Use the `pandas` data frame functionality to rename your clusters and visualize your annotation. Here, we use a dictionary to annotate the clusters. Please note that the number and order of cluster might change depending on the pre-processing decisions.

In [None]:
cluster2annotation = {
    '0': '', #replace '' by the name of the cell type, e.g. 'NK cells'
    '1': '',
    '2': '',
    '3': '',
    '4': '',
    '5': '',
    '6': '',
    '7': '',
    '8': '',
    '9': '',
    '10': '',
    '11': '',
    '12': '',
    '13': '',
    '14': '',
    '15': '',
    '16': '',
    '17': '',
    '18': '',
    '19': '', #adapt the number of clusters according to your results
}

In [None]:
#map new annotation
adata.obs['annotated'] = adata.obs['annotated'].map(cluster2annotation).astype('category')

In [None]:
adata.obs['annotated'].value_counts()

**Task:** Visualise your annotation on a UMAP as well as in a `matrixplot`, `dotplot`, `heatmap` or `violin` plots.

In [None]:
sc.pl.umap(adata, color='annotated', legend_loc='on data', title='', frameon=False)
sc.pl.umap(adata, color='annotated',  title='', frameon=True)

In [None]:
sc.pl.dotplot(adata=, 
              var_names =,
              groupby=, 
              use_raw=False)

In [None]:
sc.pl.heatmap(adata=, var_names=, 
              figsize=(5,10),
              groupby=, 
              use_raw=False, vmin=0)

In [None]:
sc.pl.matrixplot(adata = , 
                 var_names = , 
                 groupby= , 
                 use_raw=False, vmin=0)

In [None]:
sc.pl.stacked_violin(adata=   , 
                     var_names=   , 
                     groupby=    , 
                     use_raw=False)

### Inspect subpopulations of B cells

Let us determine the differences in the B cell clusters by differential expression. Subcluster the B cells first.

In [None]:
sc.tl.leiden(adata, resolution=0.2, restrict_to = ['annotated',['B cells']], key_added='leiden_R')

In [None]:
rcParams['figure.figsize']= (5,5)
sc.pl.umap(adata, color='leiden_R')

In [None]:
sc.tl.rank_genes_groups(adata = adata, groupby='leiden_R', groups= ['B cells,1'], reference='B cells,0', rankby_abs=True)

In [None]:
rcParams['figure.figsize']=(10,5)
sc.pl.rank_genes_groups(adata, size=10, n_genes=40)

In [None]:
sc.pl.rank_genes_groups_violin(adata, groups='B cells,1', n_genes=10, use_raw=False)

**Questions:** 
Which differences do you see in the B cell subpopulations? 

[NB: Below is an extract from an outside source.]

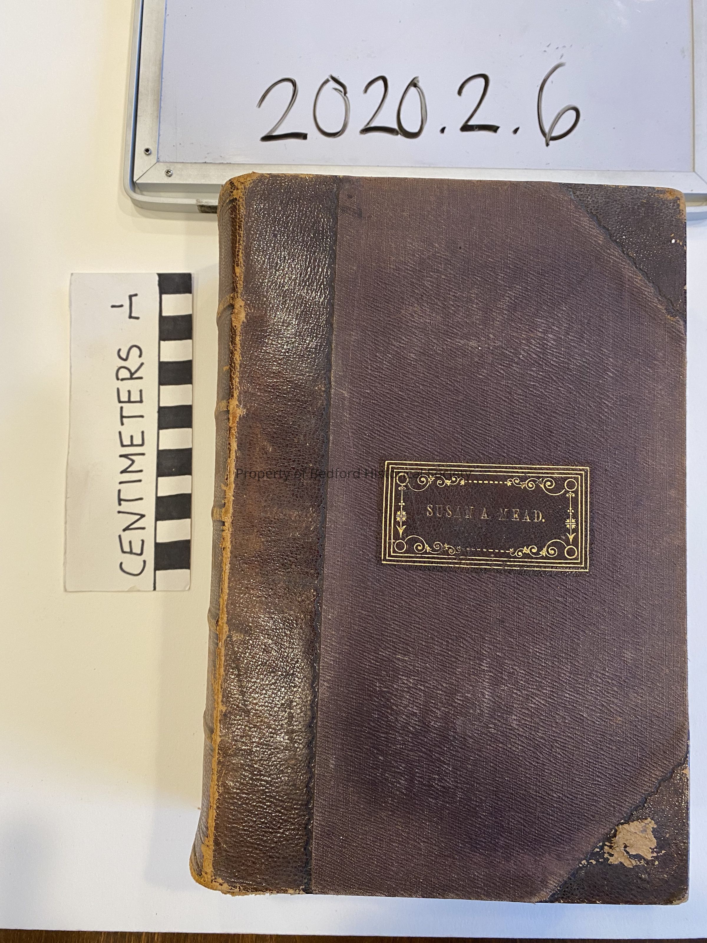 Leather bound copy of Godey's Lady's Book from 1862 with gold print inscription on cover "Susan A. Mead" 6 1/16" W, 9 1/2" L, 2 1/16" D
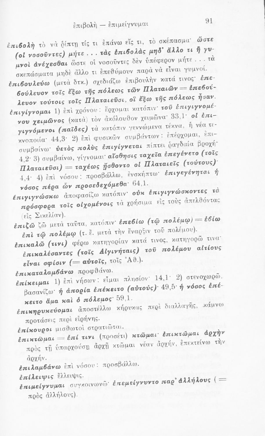 Σχολικό εγχειρίδιο Αρχαίων Ελληνικών για τις Β΄ και Γ΄ Γυμνασίου που περιλαμβάνει σύντομο βιογραφικό σημείωμα του Θουκυδίδη, εισαγωγικά σχόλια στο έργο, κείμενο και ετυμολογικό λεξιλόγιο.

Are there genes exclusively expressed in one of the populations? 

Which conclusions do you draw from the expression pattern?

**BONUS:** Investigate NK cells and try to distinguish NK cells and NKT cells.

## Save annotated data to file

At this point, we have finished the data annotation. This represents another milestone in the data analysis of single cell data. Once the annotation is finished, we won't have to touch this part of the analysis again.   

In [None]:
adata.write(data_dir + 'data_annotated.h5ad')

**Comment:** End of fifth session. In the next session, we will use the annotated data in the cellxgene browser. Please close and shutdown your jupyter session for this.